Biden’s actions regarding START can only be explained as a desire to, yet again, toss aside a decision of the previous administration simply because it was made by his nemesis: Donald Trump. Trump had quite rightly declared New START to be “deeply flawed” because it totally lacks limits on tactical nuclear weapons, something that Putin opposes since Russia’s tactical arsenal is much greater than ours, and his current military doctrine emphasizes “nuclear de-escalation,” the launching of a tactical nuclear missile early in a major conflict. Trump also was pressing for China to join New START.

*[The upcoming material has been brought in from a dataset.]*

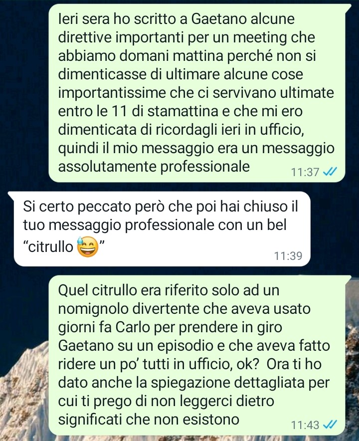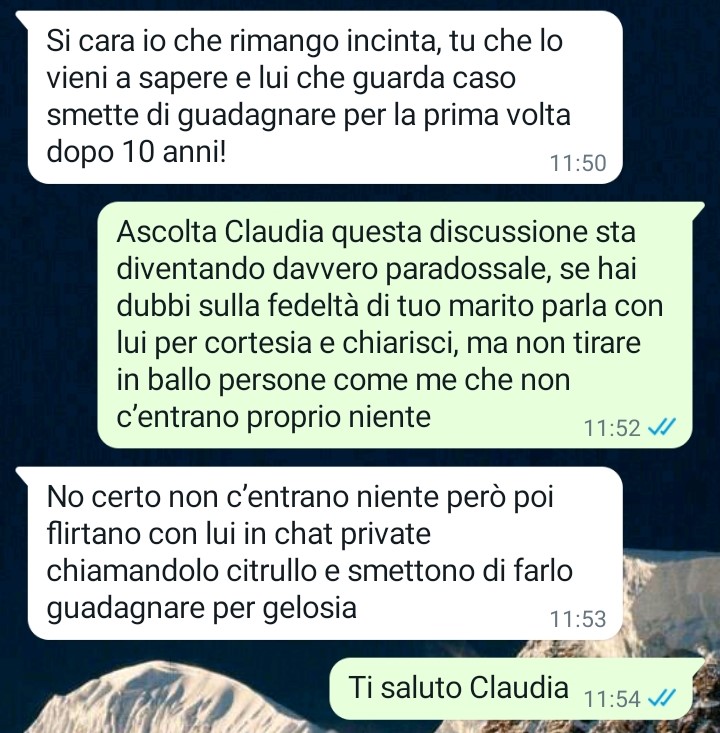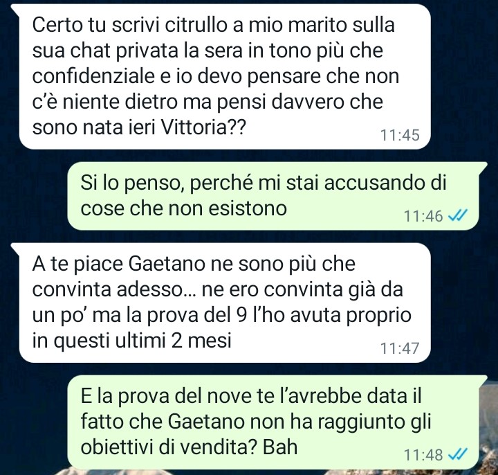 La nostra follower descrive il momento con grande amarezza, spiegando che ciò che ha vissuto si sta trasformando in un vero problema da gestire, soprattutto a causa di alcune accuse che lei ritiene completamente infondate. Parla apertamente di calunnie e manifesta un forte senso di smarrimento rispetto a come difendersi da ciò che sta accadendo. Vittoria invita chi legge a prendere visione della conversazione che ha inviato, convinta che attraverso quelle parole emergerà con chiarezza l’intera dinamica. La condivisione del suo vissuto nasce dalla necessità di portare alla luce una situazione complessa e, forse, trovare comprensione in chi ha vissuto qualcosa di simile o semplicemente riesce a coglierne la gravità.

Sergei Ryabkov is thrilled about this move, which he says will “ensure the reliable security of our state for a long period to come.” According to Ryabkov, START-3 “does not limit our right to independently determine the composition and structure of our strategic and offensive weapons, modernize them, or create new types of weapons.” Having sampled Biden’s willingness to agree unconditionally to Russian terms, Ryabkov is now determined to launch new, intensive negotiations with Biden to develop a new security equation. Speaking before the Russian State Duma, Ryabkov said the day after the Biden-Putin phone call, “We propose to expand the strategic agenda and include all offensive and defensive weapons, both nuclear and non-nuclear, capable of solving strategic tasks.”
Whatever Biden actually said during that phone call, it has inspired Putin to embark on a whole new weapons program. Hail to our Commander-in-Chief!
Lynn Corum is a translator of Russian who studies developments in the Russian press that affect America’s national interests. She has been researching and writing on Putin’s stated plans since 2009, and is a world expert on Project Russia, the Kremlin’s published state ideology.